Ghana’s economy expanded 7.1 percent last year, led by faster growth in banking and insurance services, while inflation soared as the currency continued to slide.
Banking and insurance surged 23.2 percent, boosting overall growth in services to 8.9 percent, Philomena Nyarko, an official at the Ghana Statistical Service, told reporters today in the capital, Accra.
Inflation accelerated for a seventh month to 14.5 percent in March from 14 percent in the previous month, she said.
Ghana’s economy, the biggest in West Africa after Nigeria, is at risk as the government struggles to contain its budget and current-account deficits, contributing to the currency’s 13 percent plunge against the dollar this year.
Fitch Ratings cut its outlook on Ghana’s debt last month to negative from stable, five months after downgrading the rating by one level to B.
The cedi fell 0.4 percent against the dollar to 2.73 as of 12:25 p.m. in Accra.

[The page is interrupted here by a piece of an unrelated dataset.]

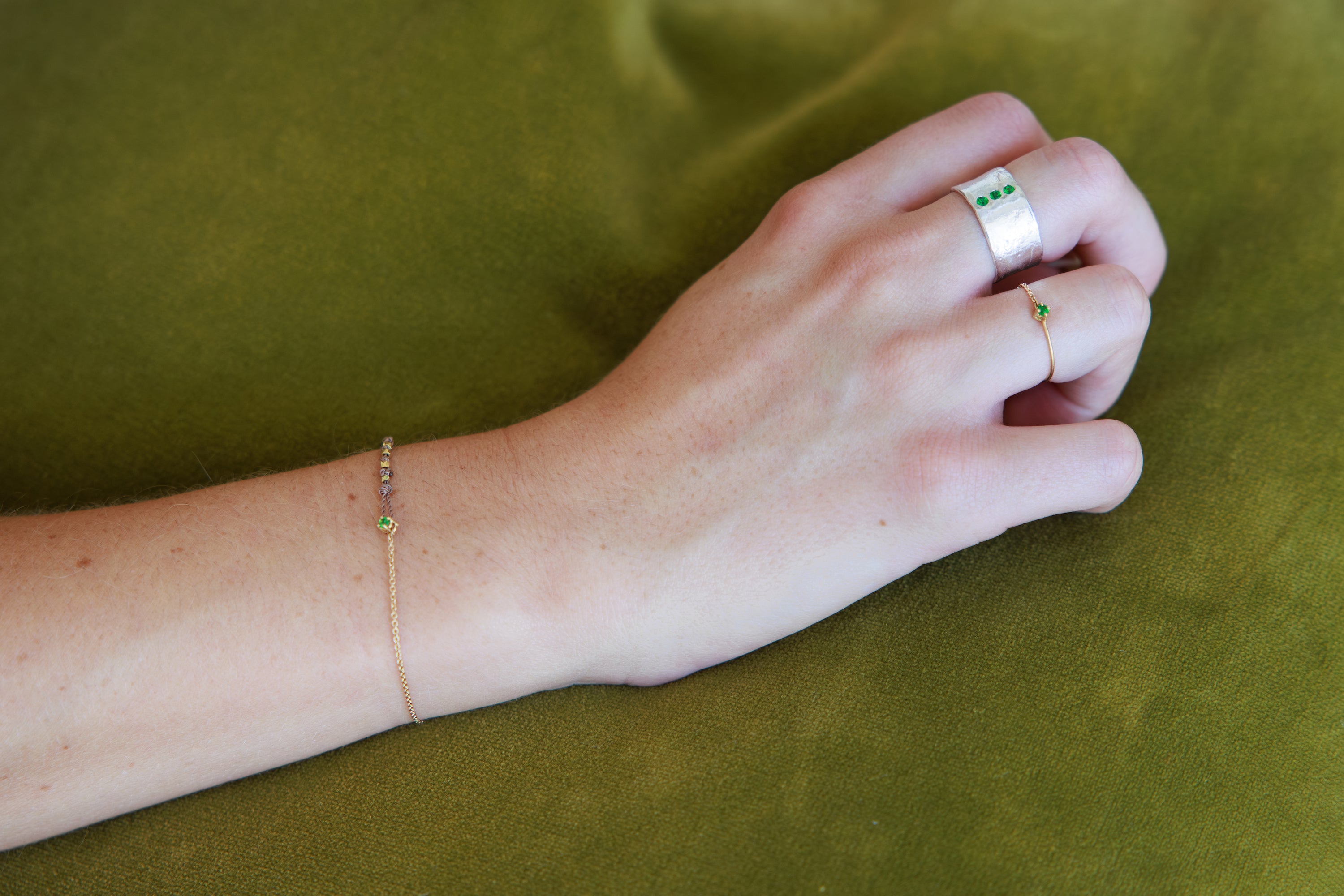 Bracelet Pigment Cordon Tsavorite Or

Economic growth slowed last year from 8.8 percent in 2012, Nyarko said.
Industry output, which includes manufacturing and oil production, expanded 7 percent in 2013 while agriculture rose 5.2 percent.
An eight-month legal tussle over 2012 presidential results and erratic power supply curbed investor appetite last year, with foreign direct investment declining 18 percent to $3.95 billion, according to the Ghana Investment Promotion Centre.
The economy expanded 4.9 percent in the fourth quarter from a year earlier, Nyarko said. That was the same pace as in the third quarter, which was revised up from 0.3 percent.
Ghana’s central bank tightened monetary policy on April 2 by raising the cash reserve requirement for lenders to 11 percent from 9 percent.
It left the benchmark interest rate unchanged at 18 percent, after boosting it by 200 basis points in February to help bolster the currency and curb inflation.